3. pmKate2-peroxi (Евроген), содержащий трипептид SKL, обеспечивающий локализацию белка в пероксисомах. Полученные векторы использовали для трансфекции почечных эпителиальных клеток человека 293 Т. Трансфекция приводила к возникновению флуоресцентного сигнала в ожидаемых компартментах клетки. Тестирование экспрессированных слитых белков на способность реагировать на добавление перекиси водорода было подтверждено, как описано в примере 2.3. pmKate2-peroxi (Eurogen) containing SKL tripeptide, which provides protein localization in peroxisomes. The obtained vectors were used to transfect 293 T human renal epithelial cells. Transfection led to the appearance of a fluorescent signal in the expected cell compartments. Testing of the expressed fusion proteins for their ability to respond to the addition of hydrogen peroxide was confirmed as described in Example 2.

Все публикации и патентные заявки, цитируемые в настоящем описании, вводятся в настоящее описание посредством ссылки, как если бы каждая отдельная публикация или патентная заявка была конкретно и отдельно введена посредством ссылки. Цитирование любой публикации приводится в соответствии с контекстом и интерпретацией по настоящему изобретению и не должно истолковываться как признание любой такой публикации прототипом данного изобретения.All publications and patent applications cited in the present description, are introduced into the present description by reference, as if each individual publication or patent application was specifically and separately introduced by reference. The citation of any publication is in accordance with the context and interpretation of the present invention and should not be construed as recognition of any such publication as a prototype of the present invention.

Claims

1. The selected nucleic acid encoding a fluorescent biosensor for the detection of hydrogen peroxide, the amino acid sequence of which is shown in SEQ ID NO: 4.
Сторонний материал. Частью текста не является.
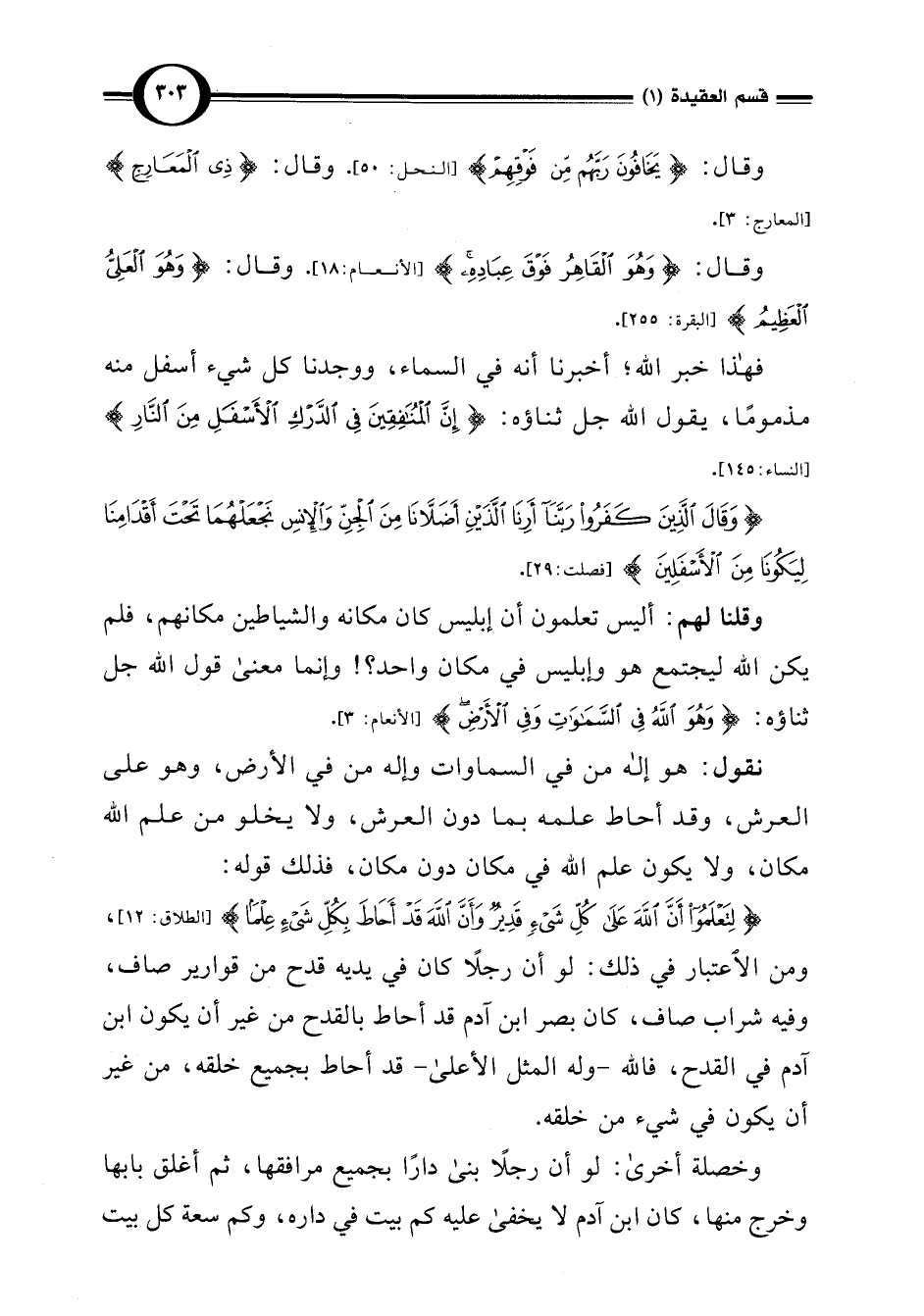 فهذا خبر اللَّه؛ أخبرنا أنه في السماء، ووجدنا كل شيء أسفل منه مذمومًا، يقول اللَّه جل ثناؤه: {إِنَّ الْمُنَافِقِينَ فِي الدَّرْكِ الْأَسْفَلِ مِنَ النَّارِ} [النساء: 145].
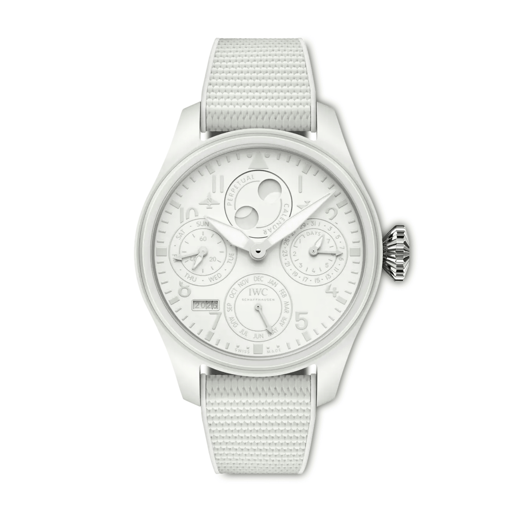 With the Big Pilot’s Watch Perpetual Calendar Ceralume®, IWC Schaffhausen’s proprietary luminous ceramic technology makes its debut in the Pilot’s Watches collection. A watch of two entirely different expressions, it captivates with subtle shades of white and grey in daylight and transforms into a vivid blue-glowing instrument in the dark.

2. The expression cassette, which, being integrated into the genome of the cell or when introduced into the cell as part of an extrachromosomal element, is capable of expressing a fluorescent biosensor for detecting hydrogen peroxide and contains the nucleic acid according to claim 1 under the control of regulatory elements necessary for expression of nucleic acid in host cell.

3. A cell producing a biosensor encoded by a nucleic acid according to claim 1, containing an expression cassette according to claim 2 as part of an extrachromosomal element or an element integrated into the genome of this cell.

4. The selected fluorescent biosensor for the detection of hydrogen peroxide encoded by the nucleic acid according to claim 1.

5. An isolated nucleic acid encoding a fluorescent biosensor, the amino acid sequence of which is shown in SEQ ID NO: 4, operatively fused to a nucleic acid encoding an intracellular localization signal, which allows the biosensor to be localized in a particular compartment of the cell, where the specified nucleic acid is capable of expressing the fluorescent biosensor hydrogen peroxide detection in this cell compartment.